• [WHAT IS REQUIRED] Both the line below containing "아반떼 부분변경 모델인" and the line containing "Tiếp theo đó, từ", along with every line between them, should be repeated exactly; no other line belongs in the answer.

• [EXERCISE MATERIAL]
▬▬▬▬▬▬▬▬▬▬
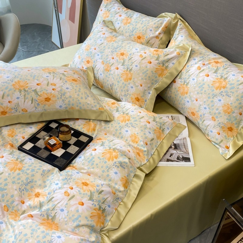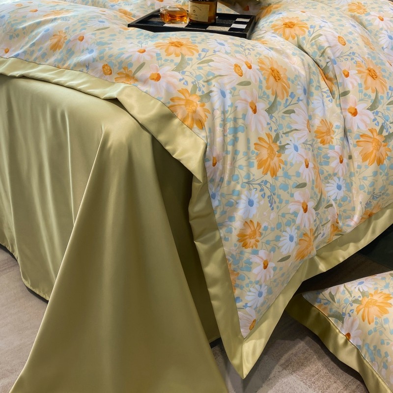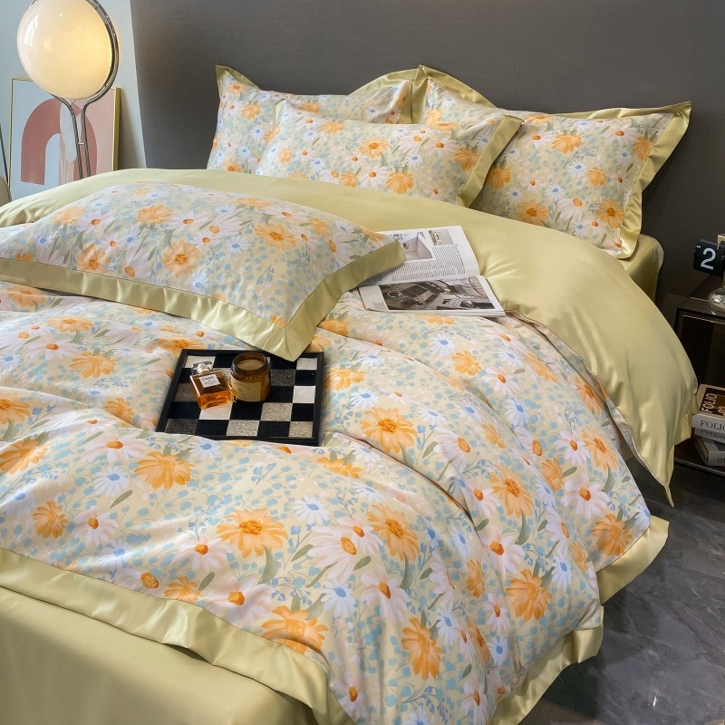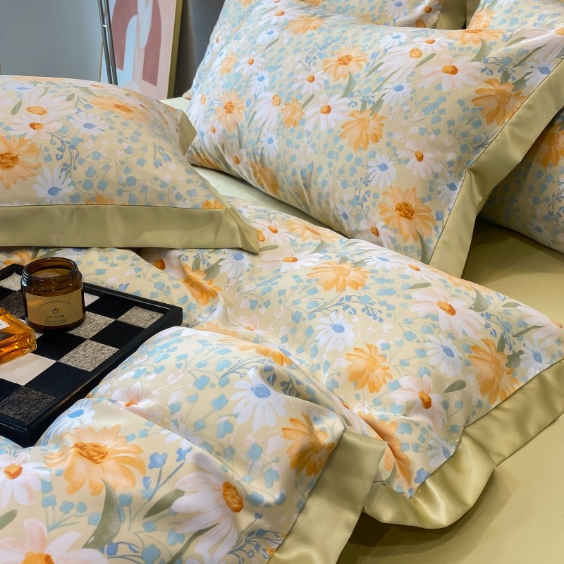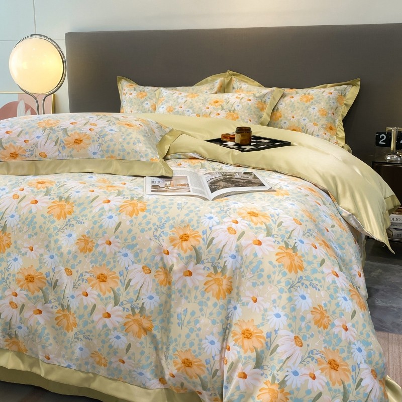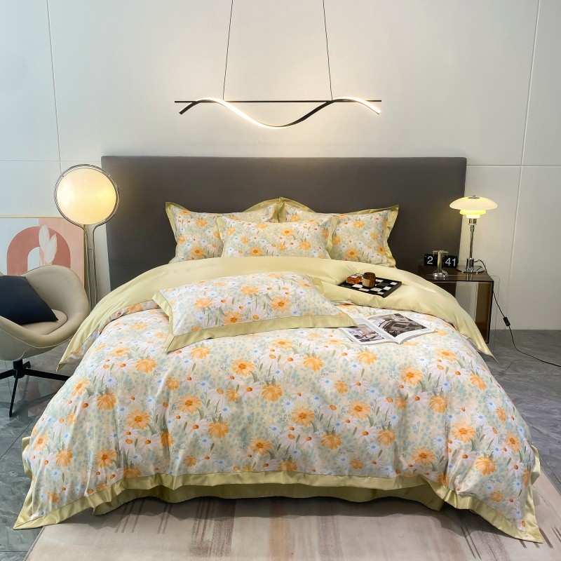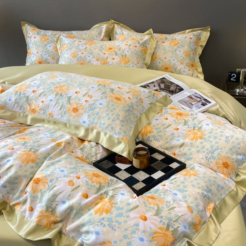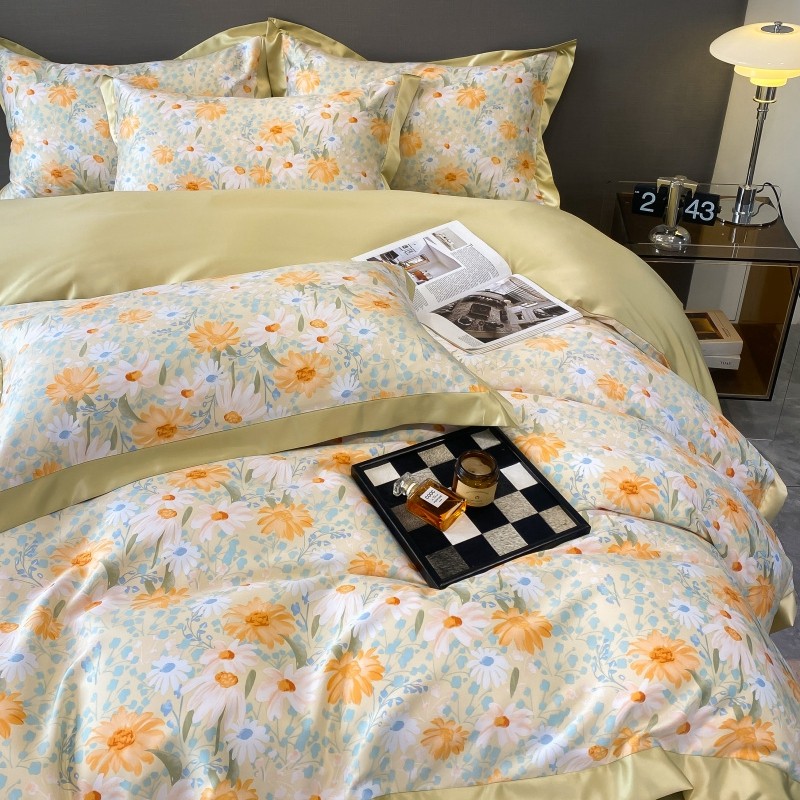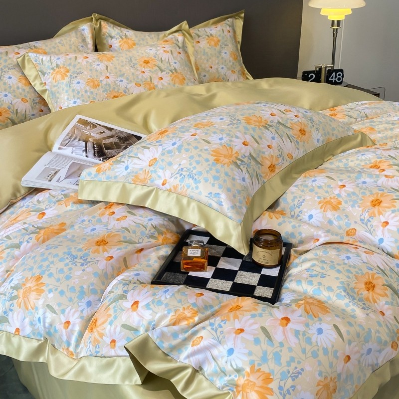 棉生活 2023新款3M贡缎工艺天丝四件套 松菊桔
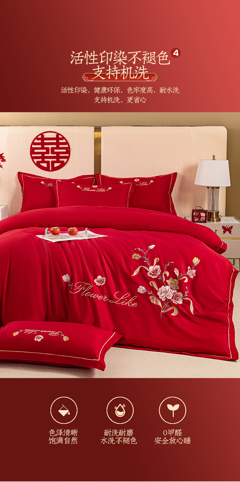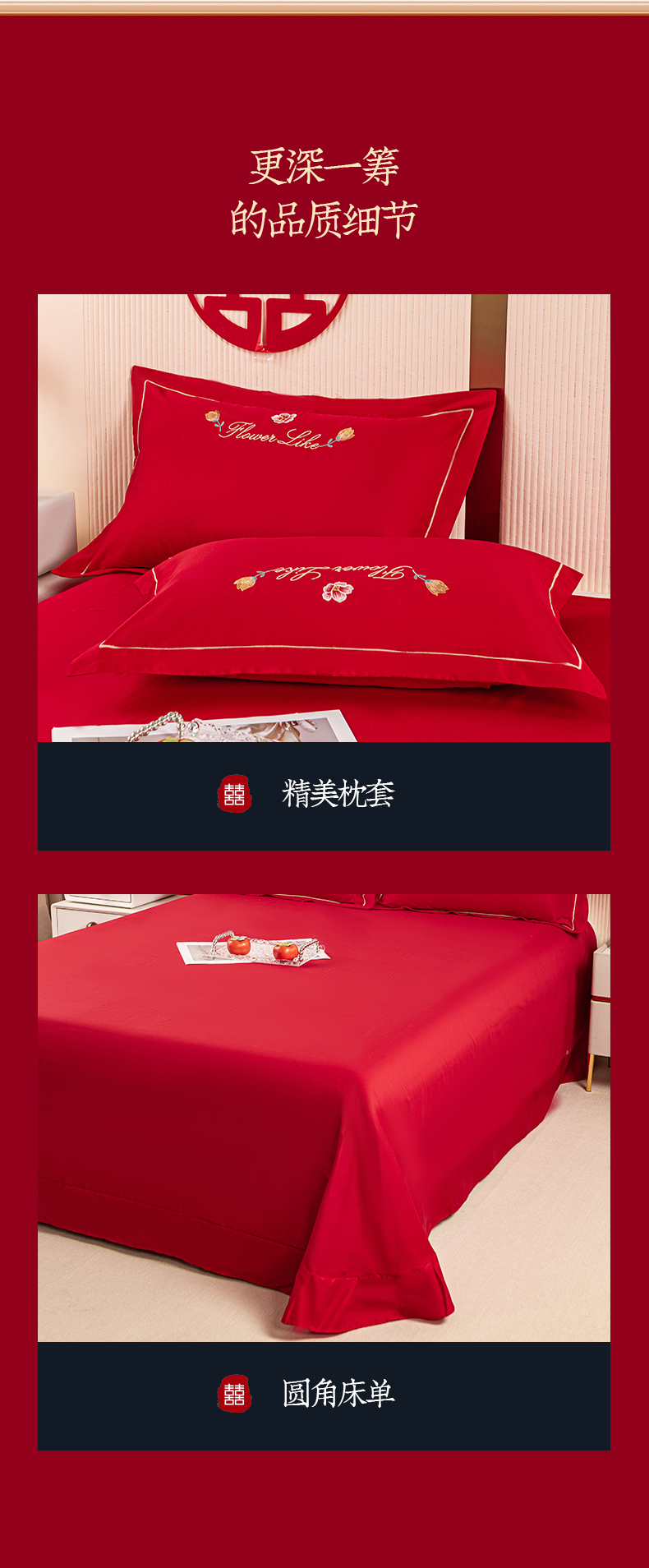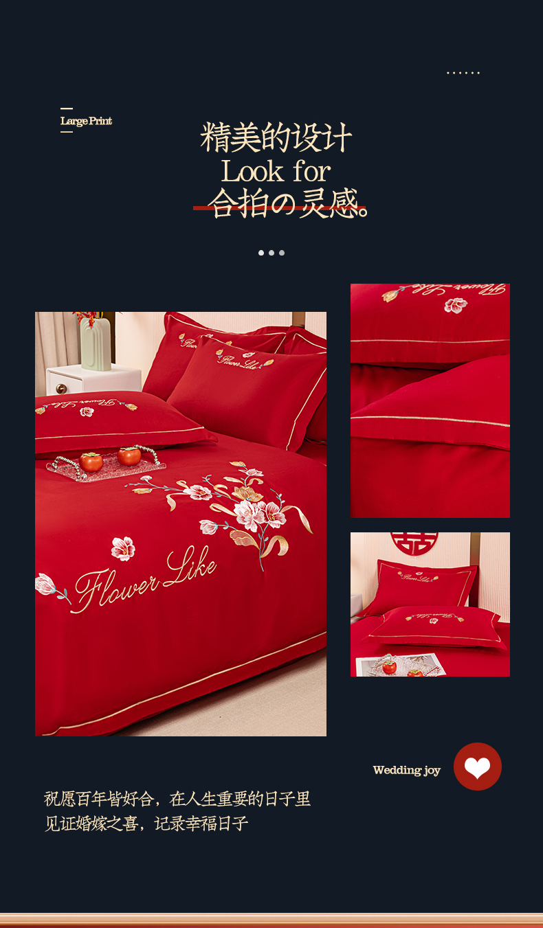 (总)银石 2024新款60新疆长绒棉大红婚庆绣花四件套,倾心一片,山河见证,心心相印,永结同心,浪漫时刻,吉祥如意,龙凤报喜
▬▬▬▬▬▬▬▬▬▬
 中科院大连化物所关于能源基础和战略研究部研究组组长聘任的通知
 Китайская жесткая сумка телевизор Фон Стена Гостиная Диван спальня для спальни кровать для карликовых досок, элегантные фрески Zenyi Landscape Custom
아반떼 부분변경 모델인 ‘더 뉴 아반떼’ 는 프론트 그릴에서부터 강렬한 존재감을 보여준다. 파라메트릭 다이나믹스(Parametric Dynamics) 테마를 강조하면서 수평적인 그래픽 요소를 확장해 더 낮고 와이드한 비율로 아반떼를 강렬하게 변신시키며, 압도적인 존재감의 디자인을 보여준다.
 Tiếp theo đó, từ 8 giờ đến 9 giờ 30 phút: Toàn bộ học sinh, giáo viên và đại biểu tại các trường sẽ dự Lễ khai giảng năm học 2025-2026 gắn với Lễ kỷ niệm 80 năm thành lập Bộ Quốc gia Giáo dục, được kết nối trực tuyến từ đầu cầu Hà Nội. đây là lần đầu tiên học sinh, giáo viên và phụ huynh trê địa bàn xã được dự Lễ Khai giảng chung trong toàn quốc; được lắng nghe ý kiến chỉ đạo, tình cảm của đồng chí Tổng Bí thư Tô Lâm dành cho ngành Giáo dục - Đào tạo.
▬▬▬▬▬▬▬▬▬▬
• [SOLUTION BELOW]
아반떼 부분변경 모델인 ‘더 뉴 아반떼’ 는 프론트 그릴에서부터 강렬한 존재감을 보여준다. 파라메트릭 다이나믹스(Parametric Dynamics) 테마를 강조하면서 수평적인 그래픽 요소를 확장해 더 낮고 와이드한 비율로 아반떼를 강렬하게 변신시키며, 압도적인 존재감의 디자인을 보여준다.
 Tiếp theo đó, từ 8 giờ đến 9 giờ 30 phút: Toàn bộ học sinh, giáo viên và đại biểu tại các trường sẽ dự Lễ khai giảng năm học 2025-2026 gắn với Lễ kỷ niệm 80 năm thành lập Bộ Quốc gia Giáo dục, được kết nối trực tuyến từ đầu cầu Hà Nội. đây là lần đầu tiên học sinh, giáo viên và phụ huynh trê địa bàn xã được dự Lễ Khai giảng chung trong toàn quốc; được lắng nghe ý kiến chỉ đạo, tình cảm của đồng chí Tổng Bí thư Tô Lâm dành cho ngành Giáo dục - Đào tạo.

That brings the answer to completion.